Наверное, это был единственный визит к зубному врачу, когда сидя
в кресле я думал не о визжащей внутри головы бормашине.
-2-
– ... и выход к вокзалам: Ленинградскому, Ярославскому и
Казанскому, – доложил совсем другой голос, но тоже весьма
торжественно.
В вагон врываются пассажиры со всех трёх вокзалов. Чемоданы,
тюки, тележки. Ругань коренных москвичей на приезжих, ещё более
крепкая брань москвичей не столь коренных, ответная ругань, как
пулемёты осаждённого дота. Я едва успеваю высунуться и взглянуть
назад. Чёрт! Сильно удивлённым оказался в итоге я сам: Бомж с
Пронырой барахтаются в толчее, пытаясь пробиться вперёд. Это им
удаётся, и они оказываются на один вагон ближе.
Делать нечего – начинаю перебегать на каждой станции, пока не
оказываюсь в самой голове поезда. Облокотившись спиной о дверь
кабины машиниста, я обречённо констатирую, что дальше бежать
некуда.
Выскакиваю на Кропоткинской. Перед носом громадина ХХС. Беру
правее, на бородатого мужика. Памятник то ли Марксу, то ли Энгельсу
– не понять, потому что поверх настоящего имени масляной краской
выведено "Пётр Кропоткин". Мне плевать на бородатые разборки,
быстро иду мимо.
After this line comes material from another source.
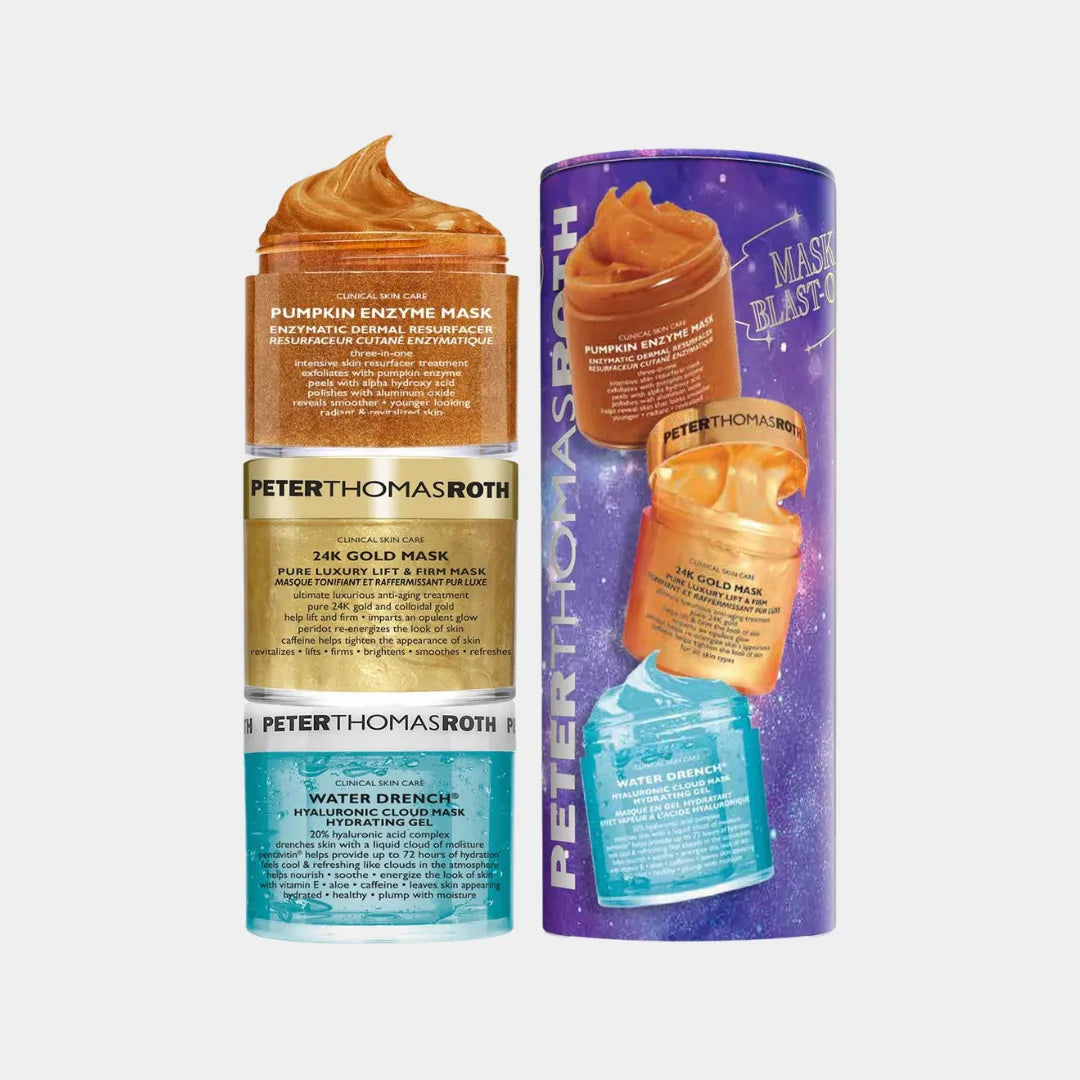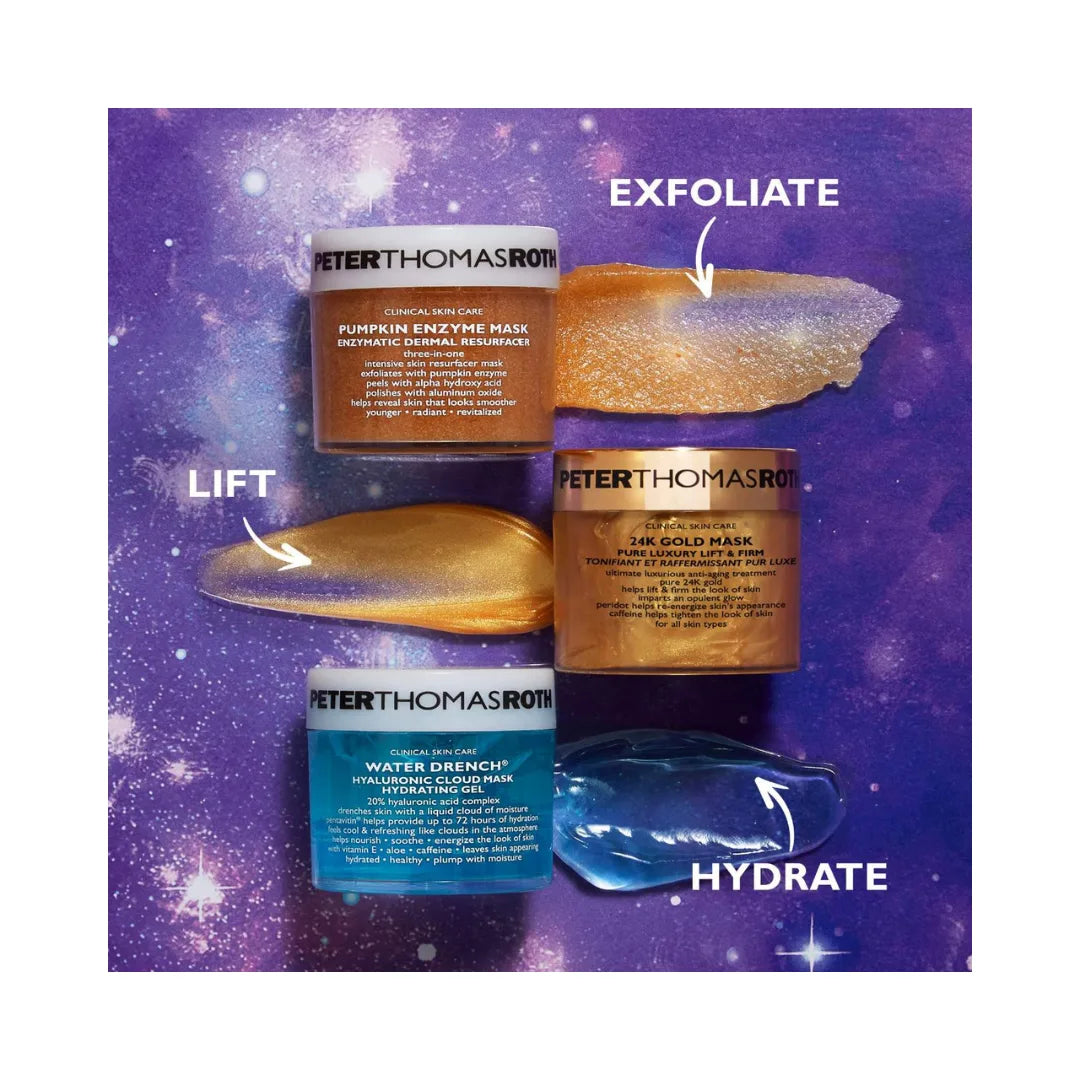 The 24K Gold mask visibly lifts and firms while imparting an opulent-looking glow. The Pumpkin Enzyme mask exfoliates and peels to address dullness and visible signs of aging. The Water Drench mask hydrates, nourishes, and visibly energizes dry, dehydrated skin.

Оглядываюсь. Мои недоброжелатели шустро перебегают
дорогу на красный свет. И ни одного чёртова гаишника поблизости, ни
одного нувориша на бронированном мерсе, чтоб раскатать наглецов по
асфальту.
Быстрым шагом иду по Остоженке в сторону "Парка культуры". Оба
преследователя спокойно идут вслед за мной. Бомж давно скинул
лохмотья и теперь больше похож на советского инженера. Проныра то и
дело лазит рукой за пазуху. Проверяет пистолет? Похоже. Не яблоки
же у него там. Будет стрелять? Среди старой застройки прохожих
негусто. Может и будет. Перехожу на бег. Ещё немного осталось.
Выдержу.
Сбавляю темп лишь в толчее подземного перехода. Здесь не
разбежишься – народу полно, да и внимание привлекать не стоит –
остановят менты, начнут прописку спрашивать, билеты требовать. А
где я их возьму, билеты–то?
Проныра стрелять не рискует. Это радует. Однако, что делать
дальше?
***
Пятнадцать лет – хороший возраст. Уже нет доверчивого ребёнка,
но ещё не вылеплен системой забитый, загнанный на кухни и в курилки
человек страха. У меня хватило ума сохранить обретённое знание в
тайне от всех, и не достало осторожности тут же о нём
забыть.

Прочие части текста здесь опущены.